Ryan (Peng) Huang


Systems Group

Research Interests

  • Operating systems and distributed systems
  • Cloud and mobile computing
  • Reliability, availability, and fault-tolerance
  • Programming language

Ryan (Peng) Huang, an assistant professor in the Department of Computer Science, is known for his work on the reliability of next-generation operating systems and distributed systems.

The overarching goal of Huang’s research is to enable the construction of reliable, efficient, and defensible systems in emerging computing platforms, such as cloud, mobile, and IoT devices. His team works to identify system issues such as gray failure, misconfiguration, and energy misbehavior in an effort to ensure computer systems provide high-quality experiences to users and developers.

His projects often employ techniques from system design, program languages, program analysis, software engineering, and machine learning. Real-world applications of his research include preventing service outages in production cloud services, enhancing the performance of commercial data warehouse systems, and improving the behavior of mobile apps.

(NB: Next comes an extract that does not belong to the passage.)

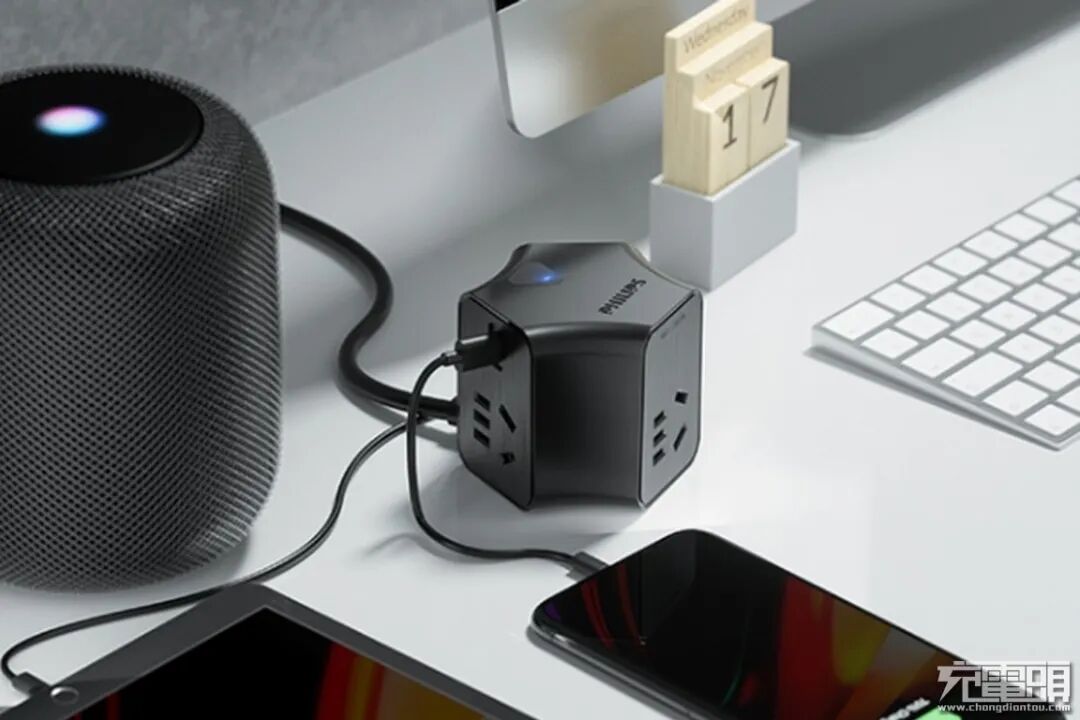飞利浦SPS2213G/93外观十分特别,就像半个魔方的尺寸,占据更小空间可以放在显示器下面使用,同样保持着插线板功能+PD快充模块的搭配。

He directs Johns Hopkins’ Ordered Systems Lab, which has released half a dozen open-source software programs to date.

Huang’s work has been funded by the National Science Foundation, Amazon, Google, and Microsoft. He received the NSF CAREER Award in 2020. He has received best paper awards from ASPLOS (Architectural Support for Programming Languages and Operating Systems) and OSDI (Operating Systems Design and Implementation). He has received best paper awards from ASPLOS (Architectural Support for Programming Languages and Operating Systems), NSDI (Networked Systems Design and Implementation), and OSDI (Operating Systems Design and Implementation).

Huang earned his undergraduate degree in Computer Science from Peking University in 2010 and his PhD from the University of California San Diego in 2016. Prior to joining Johns Hopkins as an assistant professor in 2017, he was a post-doctoral researcher for Microsoft Research in Redmond, Washington.

He has served as a program committee member for the Symposium on Operating Systems Principles (SOSP), Symposium on Operating Systems Design and Implementation (OSDI), Hot Topics in Operating Systems (HotOS), Asia-Pacific Workshop on Systems (APSys), Symposium on Networked Systems Design and Implementation (NSDI), the USENIX Annual Technical Conference (ATC), and the ASPLOS Student Research Competition.